I want to cry when he slows to a stop and parks in a space outside an apartment building. I want to yell at him to move again, to start his bike and give us back this feeling. Only he doesn’t, he pulls his keys from the ignition and holds his hand out for me to take. When I place my hand in his, I feel tingles along each of my fingers. When I climb off, my legs are shaking as my feet hit the floor, my breathing feels ragged, and I can feel my heart beating, racing inside my chest.
“This is my place,” Justin says, his voice rough and low.
My eyes look from him to the building behind him.
“We don’t have to,” he says and I look to him, finding his eyes unsure, hesitant.

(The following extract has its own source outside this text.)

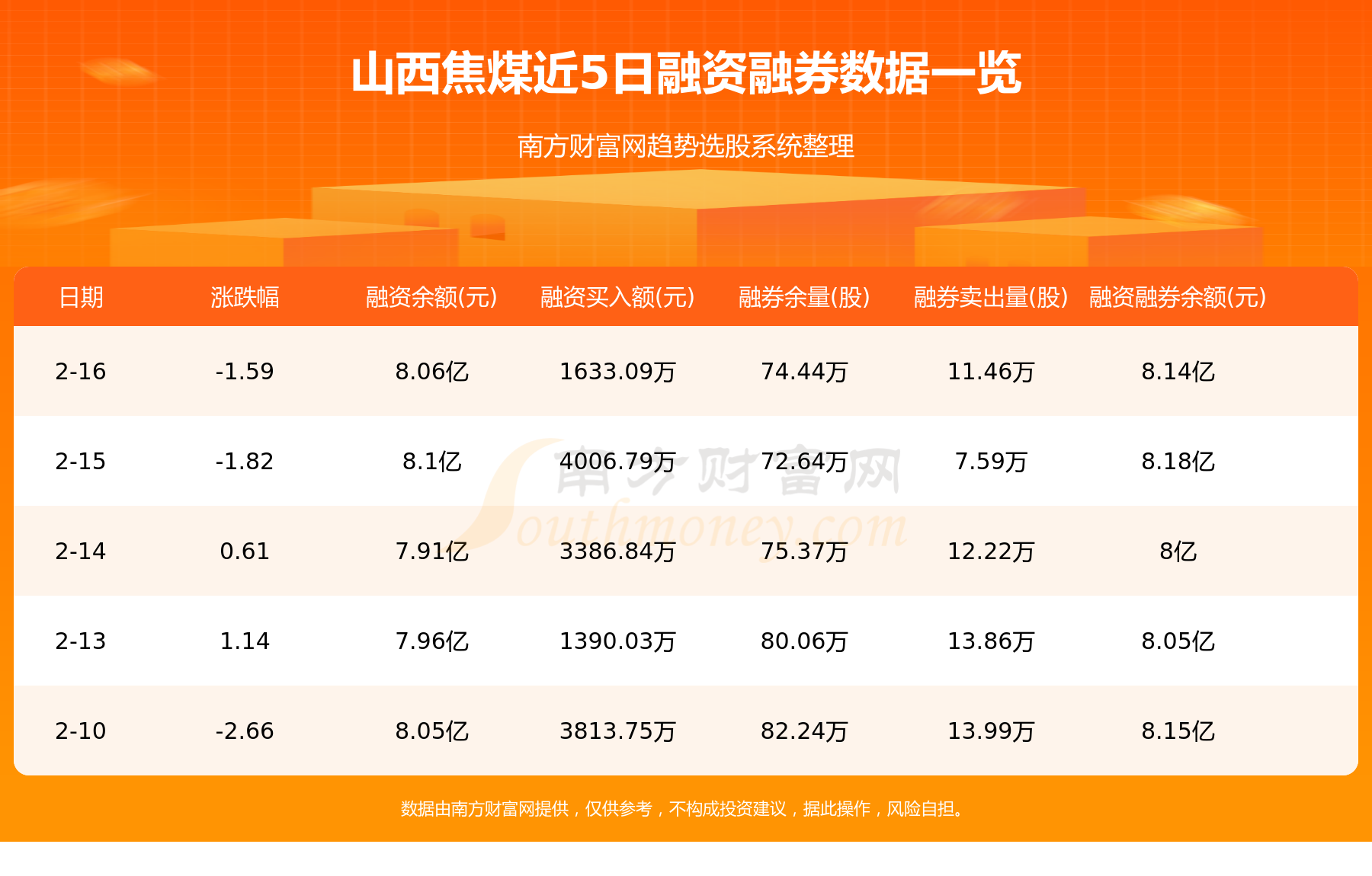 2月16日山西焦煤融券信息显示,融资方面,当日融资买入1633.09万元,融资偿还2067.06万元,融资净买额-433.97万元。融券方面,融券卖出11.46万股,融券偿还9.67万股,融券余量74.44万股,融券余额831.51万元。融资融券余额8.14亿元。近5日融资融券数据一览见下表:

Without speaking, I reach for his hand, entwining my fingers with his and pull him forward. Glancing over my shoulder at him, I see his smile, the happiness and laughter clear on his face. Before I’m even aware of what’s happening, he bends and lifts me into the air, depositing me over his shoulder, his even pace becoming a jog as he rushes us toward the door.
I giggle, glad that the intensity of only a moment ago has been shattered. Reaching down, I swat at his ass playfully. “Hurry up,” I urge, and his pace increases. Pushing open the doors into the clean, but dated lobby, he waves at an older lady who is collecting her mail from the boxes against the far wall. When he pushes the button for the elevator, the doors slide open immediately and he strides in, pressing a button, before the doors close and we begin to move.